Simon Willison’s Weblog: Claude 3.5 Haiku price drops by 20%

Source URL: https://simonwillison.net/2024/Dec/5/claude-35-haiku-price-drops-by-20/#atom-everything
Source: Simon Willison’s Weblog
Title: Claude 3.5 Haiku price drops by 20%

Feedly Summary: Claude 3.5 Haiku price drops by 20%
Buried in this otherwise quite dry post about Anthropic’s ongoing partnership with AWS:

To make this model even more accessible for a wide range of use cases, we’re lowering the price of Claude 3.5 Haiku to $0.80 per million input tokens and $4 per million output tokens across all platforms.

The previous price was $1/$5. I’ve updated my LLM pricing calculator and modified yesterday’s piece comparing prices with Amazon Nova as well.
Confusing matters somewhat, the article also announces a new way to access Claude 3.5 Haiku at the old price but with “up to 60% faster inference speed":

This faster version of Claude 3.5 Haiku, powered by Trainium2, is available in the US East (Ohio) Region via cross-region inference and is offered at $1 per million input tokens and $5 per million output tokens.

Using "cross-region inference" involve sending something called an "inference profile" to the Bedrock API. I have an open issue to figure out what that means for my llm-bedrock plugin.
Tags: anthropic, claude, generative-ai, llm-pricing, aws, ai, llms

AI Summary and Description: Yes

Summary: The text discusses a significant price drop for the Claude 3.5 Haiku language model by Anthropic, enhancing its accessibility for diverse use cases. It also mentions improved inference speeds through a new access method provided via AWS, which presents implications for cost-efficiency and operational speeds in AI deployments.

Detailed Description:
The announcement concerning the Claude 3.5 Haiku reflects notable updates in the pricing and performance of large language models (LLMs), particularly relevant to professionals engaged in AI and cloud infrastructure:

* **Pricing Updates**:
– The price for Claude 3.5 Haiku has been reduced significantly from $1.00 to $0.80 per million input tokens, and from $5.00 to $4.00 per million output tokens.
– This reduction is positioned to make the model more accessible for various applications, indicating a competitive strategy in the LLM market.
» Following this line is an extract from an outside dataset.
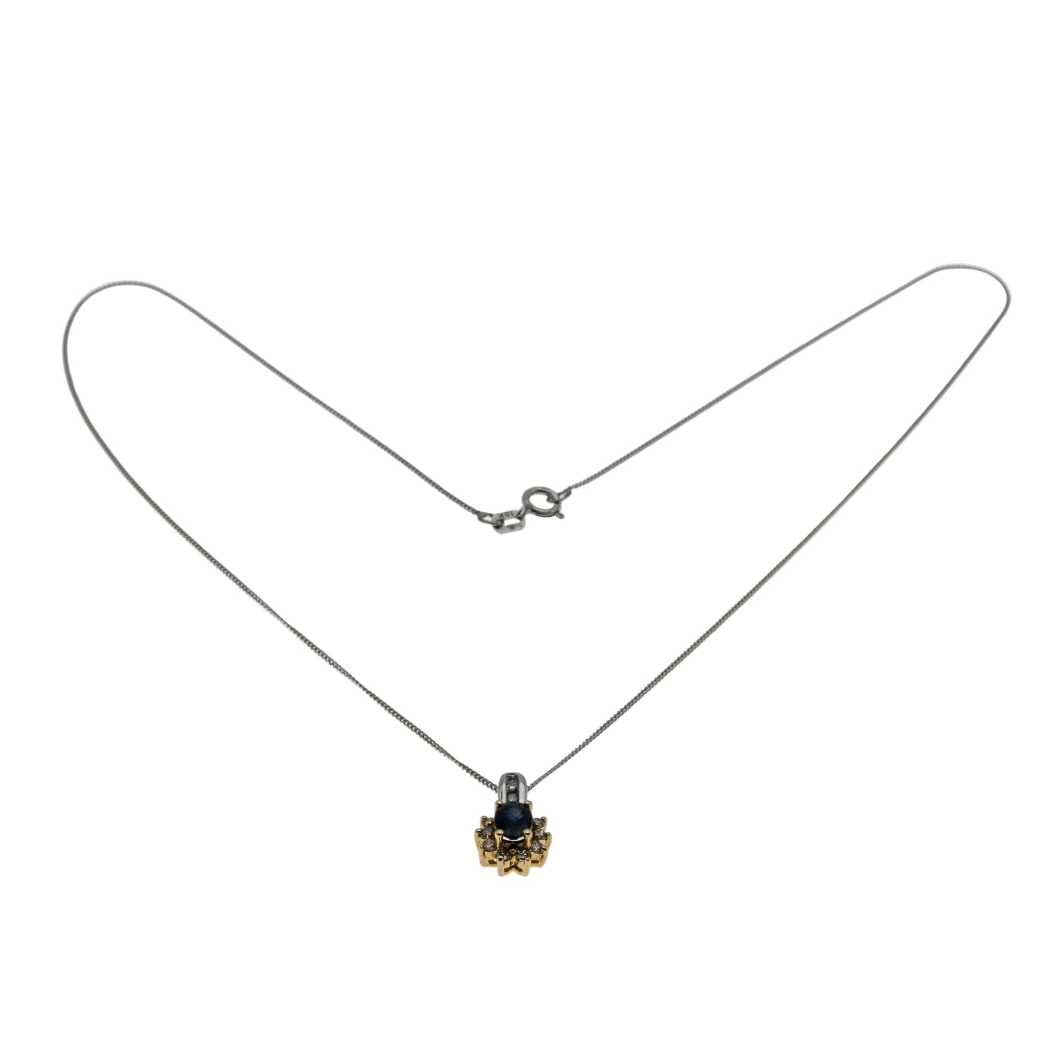 Starry Night - Vintage 14K Gold Natural Sapphire & Diamond Pendant & 10K Gold Chain. This classic pendant is crafted from 14K yellow, and white gold, hallmarked 14K.  The chain is crafted from 10K white gold, hallmarked 10k. Featuring one natural oval cut faceted sapphire, 13 natural round full cut diamonds, classic Vintage styling, and quality craftsmanship.  The gallery is expertly claw-set with a dark blue sapphire, and a sparkling surround of diamonds. It has a solid bale, enhanced with sparkling channel-set diamonds, which supports the gallery perfectly. The chain is a solid curb link style, featuring a secure spring ring clasp, in perfect working order.  This vintage pendant is classic and so versatile. It can be worn with everything and anything, day or night!

* **Performance Enhancements**:
– A new access method has been introduced that allows users to access Claude 3.5 Haiku at the previous price points but with up to 60% faster inference speeds.
– This new version utilizes Trainium2 infrastructure, which emphasizes the integration of advanced hardware to improve model performance.

* **Technical Considerations**:
– The mention of “cross-region inference” implies that the inference profiles within the AWS environment entail additional complexity, suggesting a requirement for developers to understand and manage inter-region data transfers effectively.
– The reference to an “inference profile” and its implications for the llm-bedrock plugin highlights ongoing development needs to ensure compatibility and efficiency for developers utilizing these models.

This development in LLM pricing and capabilities is significant as it enhances not only the affordability of deploying AI solutions but also the operational efficiency, which are critical considerations for AI, cloud computing, and associated security practices.